======== Records to use ========

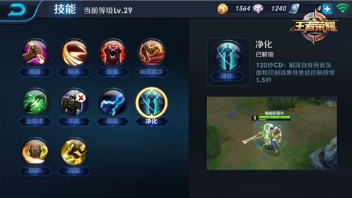 净化:因为钟馗的大招在释放期间是可以被打断的,所以净化所提供的让自身免疫控制持续1.5秒可以很好的解决这个问题。
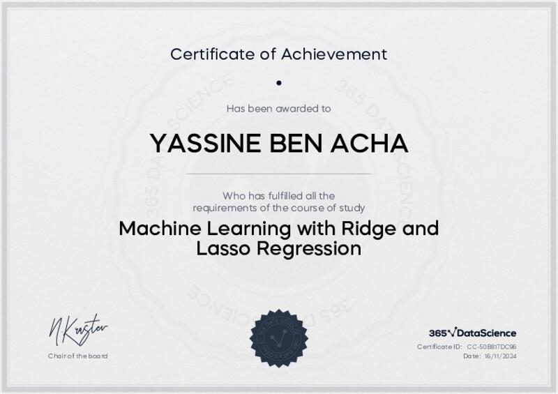 This user has been awarded the Machine Learning with Ridge and Lasso Regression Certificate for successfully completing the course exam. Holding this certificate demonstrates their proficiency on the topic and signifies they are qualified to apply their newly acquired expertise in the fields of data analytics and data science.
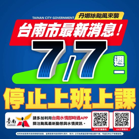 因為颱風來襲,明日7/7(一),青山國小暑期育樂營暫停一次。
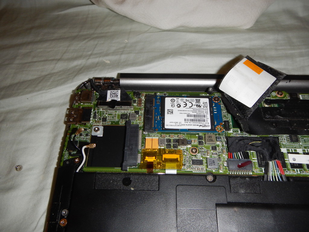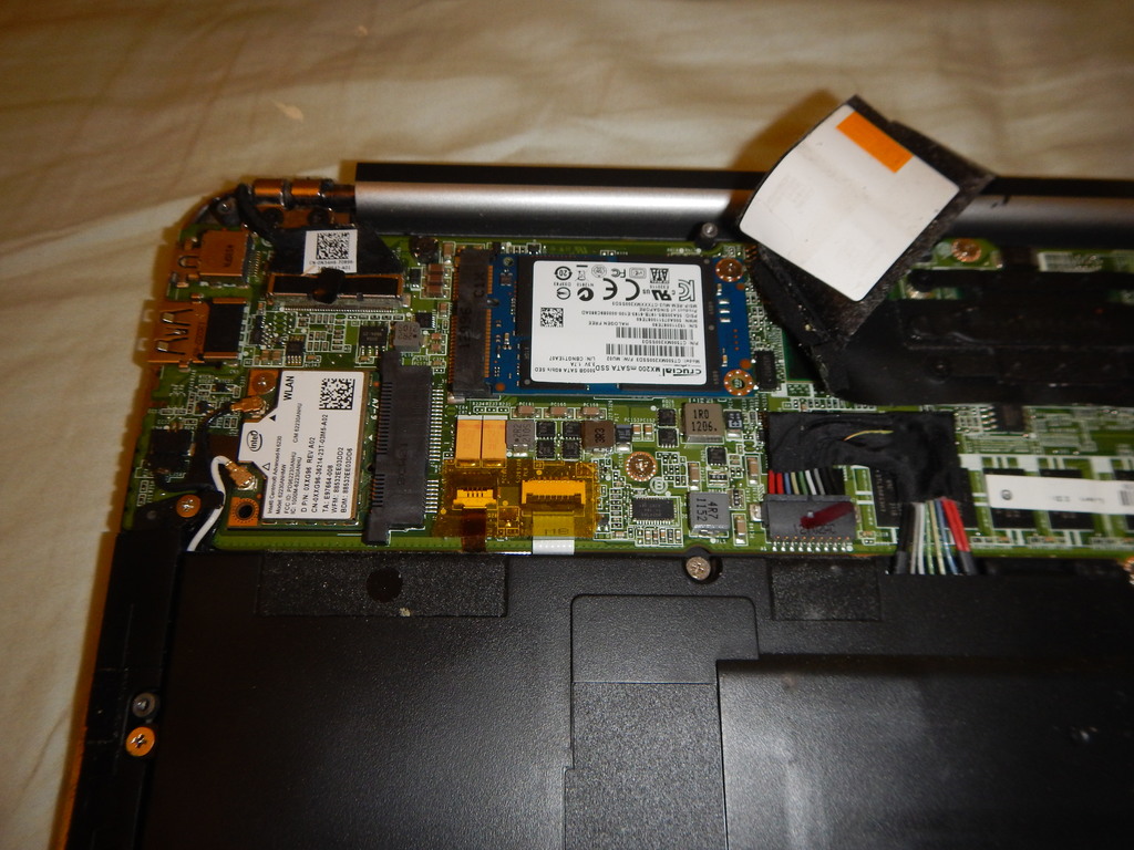 After that insert the new card, screw it in with the original screw (do not use the ones bundled with the card), and attach the antenna connectors.
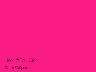 Hex #fa1c84 Color is a normal rose color and the nearest color is Fluorescent Pink #ff1493. Hex code #fa1c84 and RGB value is rgb(250,28,132). In RGB color space, this color is composed of 98% red, 11% green, 52% blue, In CMYK color space, this color is composed of 0% cyan, 89% magenta, 47% yellow , 2% black , In HSL color space, this color has a hue angle of 332° , 96% saturation and 55% lightness.

========

_What you have to do_: Keeping pictures out, repeat exactly the lines from the one containing "因為颱風來襲,明日7/7(一),青山國小暑期育樂營暫停一次。" through the end of the listing.

_Problem solution_:
 因為颱風來襲,明日7/7(一),青山國小暑期育樂營暫停一次。
 After that insert the new card, screw it in with the original screw (do not use the ones bundled with the card), and attach the antenna connectors.
 Hex #fa1c84 Color is a normal rose color and the nearest color is Fluorescent Pink #ff1493. Hex code #fa1c84 and RGB value is rgb(250,28,132). In RGB color space, this color is composed of 98% red, 11% green, 52% blue, In CMYK color space, this color is composed of 0% cyan, 89% magenta, 47% yellow , 2% black , In HSL color space, this color has a hue angle of 332° , 96% saturation and 55% lightness.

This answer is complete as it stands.